Configuration Accuracy (%) Appearance Score
Execution-only 45.9 3.0
+ Screenshot 46.6 3.6
+ GUI-agent 49.9 3.4
+ Backtrack 51.2 3.7
+ Select-best (Full) 52.6 3.8

Key Findings

  • GUI agent testing is the primary driver for functional gain (+3.3% accuracy), while screenshot feedback drives appearance gains (3.0 \(\rightarrow\) 3.6).
  • Backtrack + Select-best are essential stabilizers: They mitigate the "side effects" where functional fixes might degrade appearance.
  • Immediate rewards outperform cumulative rewards: Step-GRPO with immediate rewards (45.4%) significantly outperforms the cumulative advantage version (38.7%) and standard outcome GRPO (42.5%).
  • Small-scale data is sufficient: 500 instructions over 1 epoch provided the best results, as the feedback signals are highly dense and reliable.

Highlights & Insights

  • Repurposing "Evaluators" as "Rewarders": Scores generated for feedback in the workflow are reused directly as dense process rewards for RL—this dual-use of visual signals is highly efficient.
  • Using small VLMs as "Eyes" for coding LLMs: Decoupling vision and coding allows cheaper VLMs to handle visual judgment while stronger LLMs focus on code generation.
  • Behavioral Verification: Authenticating functionality via a GUI agent "clicking through" is more robust than static checking and transferable to other interactive media (apps, games).
  • Immediate Step-level Rewards: This approach offers a reproducible solution for the common problem of "iterative regression" in generative tasks.

Limitations & Future Work

  • Focuses exclusively on page-level, single-page aesthetics; multi-page consistency remains an open problem.
  • The workflow relies on a heavy environment (services, screenshots, GUI agent), leading to high inference cost and latency.
  • Reward upper bounds are constrained by the quality of the judge models (VLM/GUI agent); reward hacking remains a potential risk.
  • vs.

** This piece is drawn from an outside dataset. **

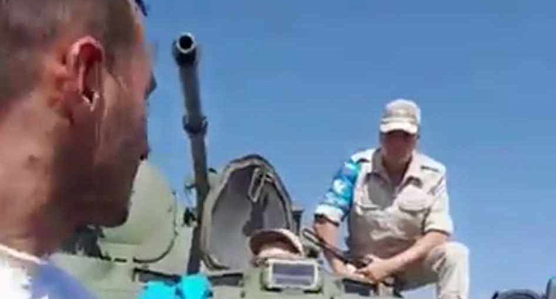 Видеотрансляция с места событий велась на странице представителя Штаба народного движения, председателя Революционной партии Артура Осипяна в Facebook*. На кадрах видно, как активисты задают вопросы российским военным, в том числе офицеру, о том, почему миротворцы не разблокируют Лачинский коридор. Также на видео активисты пытаются не выпустить на дорогу БТР с российскими военными, однако это им не удается. Затем российские военные оттаскивают в сторону автомобиль, которым была перекрыта дорога. В какой-то момент человек за кадром кричит, что у автомобиля "сломали буфер" (вероятно, имеется в виду бампер), однако явных повреждений машины на кадрах не видно. "Кавказский узел" не публикует видеозапись трансляции из-за неоднократно звучащей на видео нецензурной брани.

Bolt.diy: While Bolt.diy relies solely on execution feedback, WebGen-Agent introduces visual/interaction feedback and selection mechanisms, significantly outperforming it across all model scales.
  • vs. OpenHands/Aider: These general code agents rely on execution-layer feedback; WebGen-Agent’s specialized signals for visual-intensive tasks lead to superior performance on WebGen-Bench.
  • vs. Standard GRPO: The transition from trajectory-level outcome rewards to step-level immediate rewards proves more effective for tasks where process quality is immediately evaluable.

Rating

  • Novelty: ⭐⭐⭐⭐ Reusing feedback signals as rewards is elegant, though built on GRPO frameworks.
  • Experimental Thoroughness: ⭐⭐⭐⭐⭐ Comprehensive evaluation across 7 proprietary and multiple open-source models with solid ablations.
  • Writing Quality: ⭐⭐⭐⭐ Clear motivation and methodology; formal definitions of feedback structures are well-presented.
  • Value: ⭐⭐⭐⭐⭐ Highly practical paradigm for interactive product generation, offering a clear path for enhancing small models.